CAPÍTULO CXVIII: Los hombres están obligados por ley divina a aceptar la verdadera fe

CAPÍTULO CXVIII

Los hombres están obligados por ley divina a aceptar la verdadera fe

Con esto se demuestra que los hombres están obligados a la verdadera fe por la ley divina.

Así como el principio del amor corporal es la visión propia del ojo corporal, así también el comienzo del amor espiritual debe ser la visión inteligible del objeto espiritual amable. Pero la visión del objeto espiritual amable, que es Dios, no podemos alcanzarla al presente sino por la fe (puesto que excede a la razón natural), y sobre todo consistiendo nuestra felicidad en su fruición. Es preciso, pues, que seamos inducidos por la ley divina a la verdadera fe.

La ley divina ordena al hombre con objeto de que esté totalmente sometido a Dios. Pero así como el hombre se somete a Dios amándole, por parte de la voluntad, así también se somete creyendo en Él, por parte del entendimiento. Y no creyendo algo falso, porque Dios, que es la Verdad, no puede proponer al hombre ninguna falsedad; por eso, quien cree algo falso no cree a Dios. Por tanto, los hombres son conducidos a la verdadera fe por la ley divina.

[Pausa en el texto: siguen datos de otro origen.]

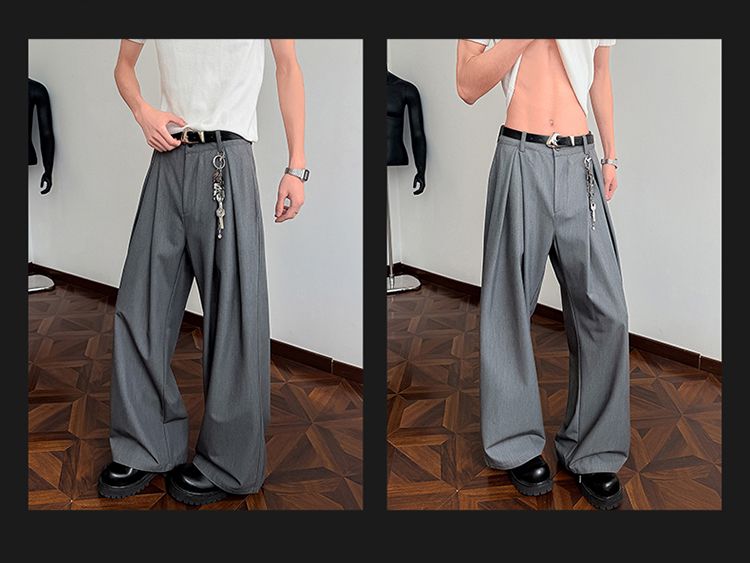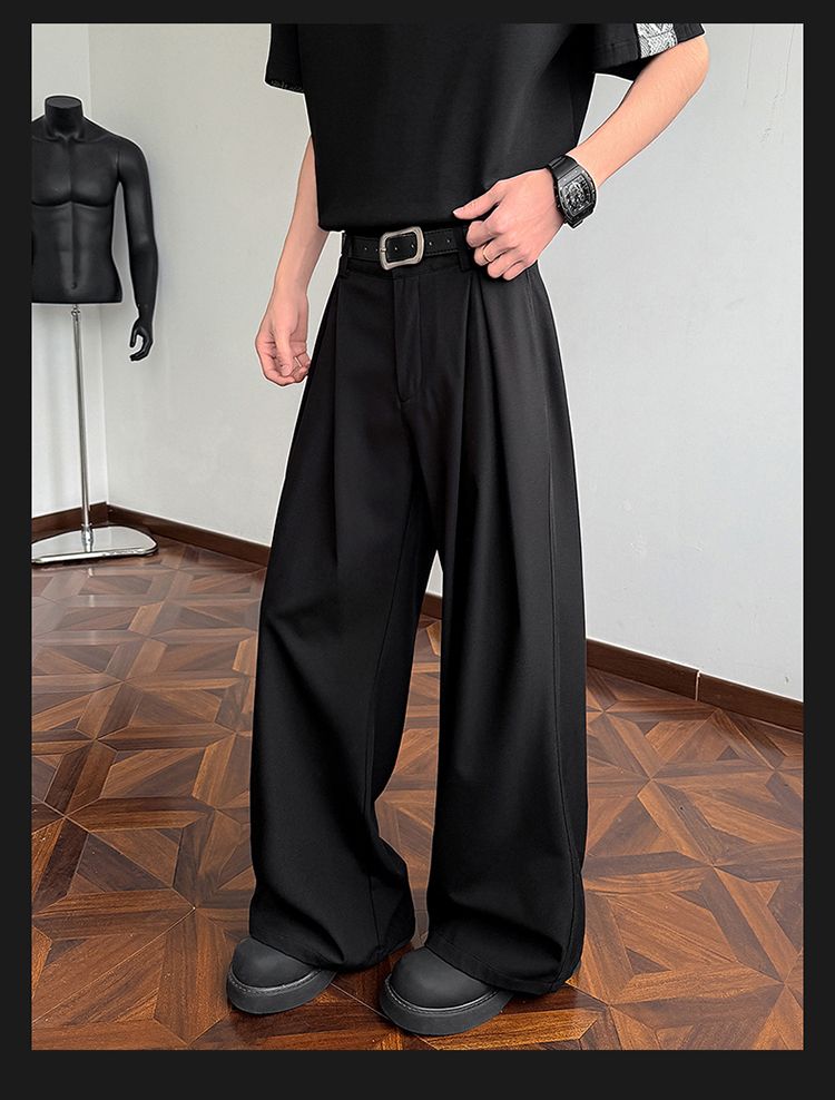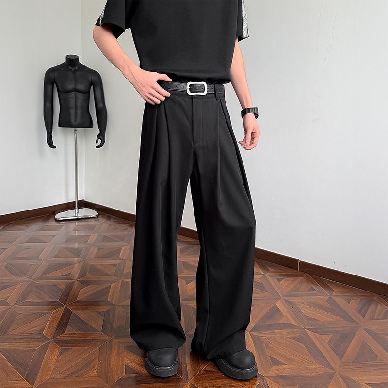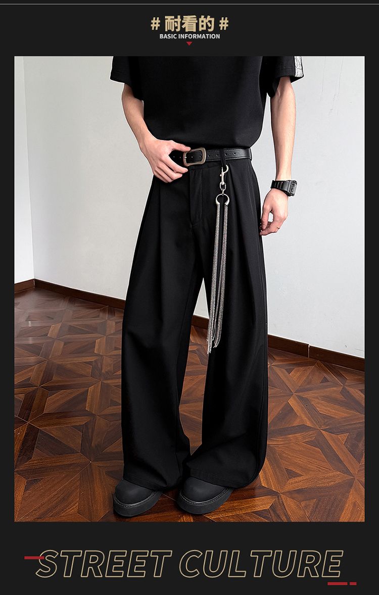 라이 경기 서울 주간 실크 아메리칸 남성 캐주얼 바지 봄 여름 새로운 도루 센스 루즈핏 스트레이트 캐주얼 조수 브랜드 와이드 레그 팬츠

Quien yerre sobre lo que pertenece a la esencia de una cosa, no conoce dicha cosa. Por ejemplo, si alguien pensase que hombre equivale a animal irracional, no conocería al hombre. Otra cosa sería si se equivocara sobre alguno de sus accidentes. Sin embargo, tratándose de compuestos, quien yerra sobre alguno de los principios esenciales, no conocerá la cosa en absoluto, pero sí relativamente. Por ejemplo, quien piensa que el hombre es animal irracional tiene de él un conocimiento genérico. Pero esto no puede suceder con las cosas simples, puesto que un error cualquiera acerca de ellas nos priva de su conocimiento. Es así que Dios es simplicísimo. Luego quien yerra sobre Dios no le conoce. Por ejemplo, quien cree que Dios es cuerpo, no le conoce, pues toma por Dios una cosa distinta. Sin embargo, nosotros amamos y deseamos una cosa en la medida que la conocemos. Así, pues, quien yerra sobre Dios, no puede amarle ni desearle como fin. Por consiguiente, siendo el objeto de la ley divina el conseguir que los hombres amen y deseen a Dios (c. 116), resultará que los hombres son obligados por ella a tener una fe verdadera de Dios.

La falsa opinión es con respecto a lo inteligible lo mismo que el vicio opuesto es a la virtud en lo moral, pues “el bien del entendimiento es lo verdadero”. Si, pues, a la ley divina corresponde prohibir los vicios, a ella corresponderá también rechazar las falsas opiniones sobre Dios y las cosas divinas.

Por esto se dice a los Hebreos: “Sin la fe es imposible agradar a Dios”. Y en el Éxodo, antes de establecer precepto alguno, se anticipa la fe recta en Dios, al decir: “Oye, Israel; El Señor, tu Dios, es único”.

Con esto se refuta el error de quienes decían que nada importa para la salvación del hombre la clase de fe con que éste sirva a Dios.